We have obtained pilot data demonstrating that tracheal aspirates from week-old premature infants undergoing mechanical ventilation for respiratory distress syndrome (RDS) contain colony-forming fibroblast- like cells with surface markers and differentiation potential typically found in mesenchymal stem cells. The cells are positive for Stro-1, CD73, CD90, CD105 and CD166, but negative for CD34, CD45 and CD11b, suggesting that they are of stromal but not hematopoietic origin. Further, they exhibit ample proliferative capacity and are capable of differentiation into osteocytes, adipocytes and myofibroblasts. Conditioned medium from these cells enhances epithelial growth and repair, inhibits squamous differentiation and contains basic fibroblast growth factor (bFGF/FGF-2), keratinocyte growth factor (KGF) and vascular endothelial cell growth factor (VEGF). Finally, the isolation of multipotent mesenchymal cells from the tracheal aspirates of premature infants with RDS is associated with a prolonged requirement for supplemental 02 and the development of chronic lung disease, i.e., bronchopulmonary dysplasia (BPD). We therefore hypothesize that multipotent lung mesenchymal cells participate in neonatal lung repair and are a biomarker for lung injury. To test this general hypothesis, we propose the following Specific Aims.

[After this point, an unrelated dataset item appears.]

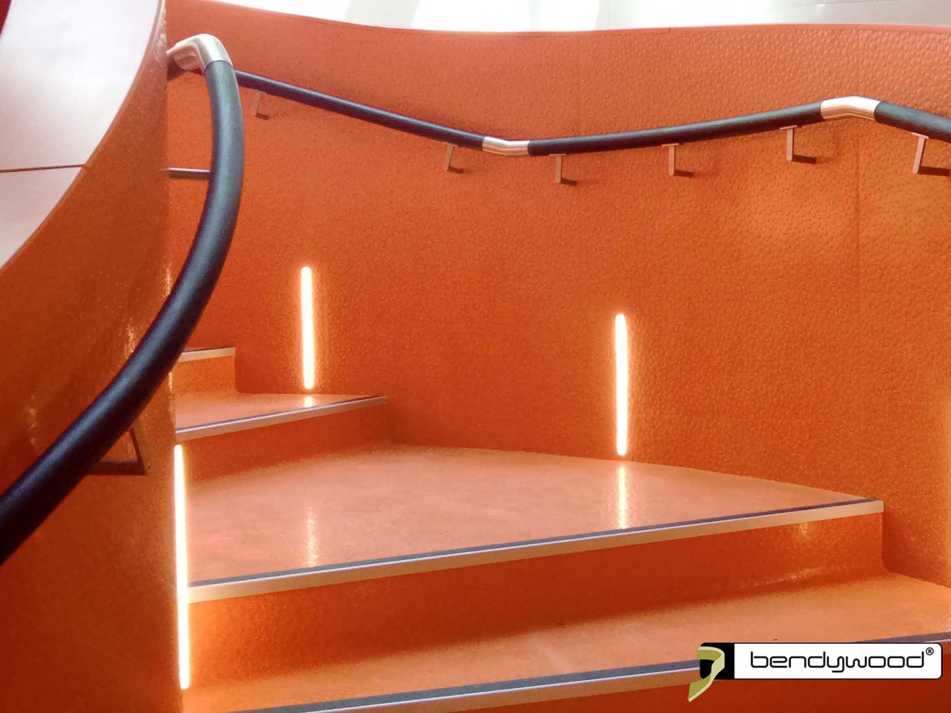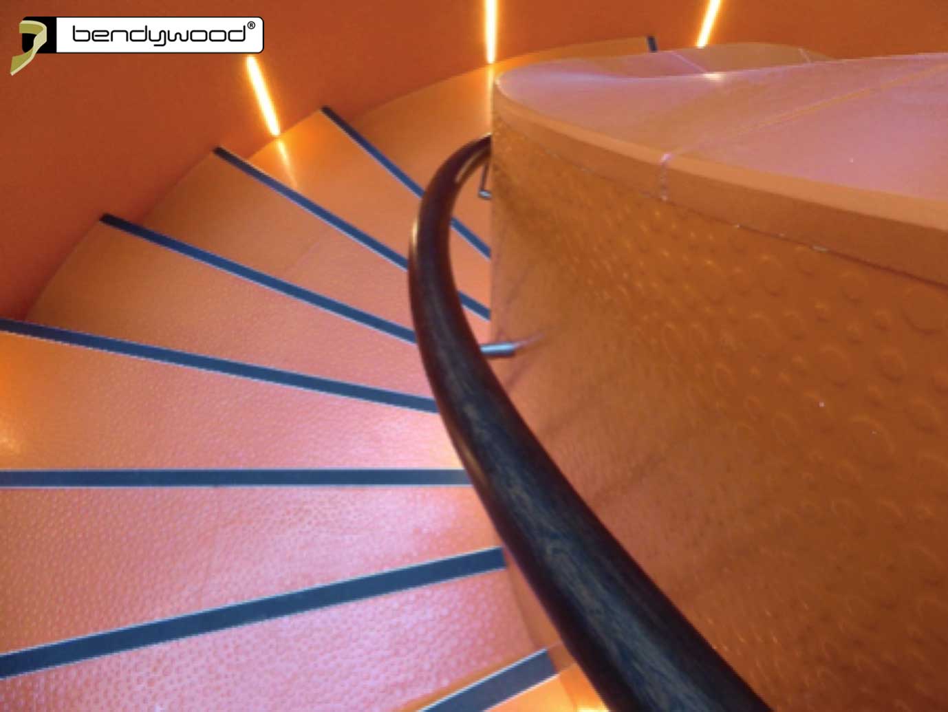 Round bending handrails ø48 mm in Bendywood®-oak ; diagonal jointed

Specific Aim 1 : Determine mechanisms by which multipotent lung mesenchymal cells from premature infants are recruited to the airspaces. We hypothesize that epithelial injury induces expression of bFGF and monocyte chemoattractant protein (MCP)-1, thereby promoting lung mesenchymal cell migration to the airspaces.
Specific Aim 2 : Characterize potential mechanisms by which multipotent lung mesenchymal cells participate in lung repair. We hypothesize that: 1) lung mesenchymal cells produce trophic factors capable of promoting respiratory epithelial repair;2) when stimulated by transforming growth factor (TGF)-fl, lung mesenchymal cells differentiate into myofibroblasts, thereby promoting angiogenesis and fibrogenesis.
Specific Aim 3 : Correlate the presence of multipotent lung mesenchymal cells in premature infants with the development and severity of chronic lung disease. We hypothesize that multipotent lung mesenchymal cells are biomarkers for lung injury and persistent pulmonary dysfunction. We will prospectively compare the clinical outcomes of premature infants from whom multipotent lung mesenchymal cells have been isolated with those from whom cells are not isolated, focusing on respiratory system compliance and days of oxygen supplementation. Understanding the role of multipotent lung mesenchymal cells in the pathogenesis of BPD will lead to improvements in the treatment of this disease.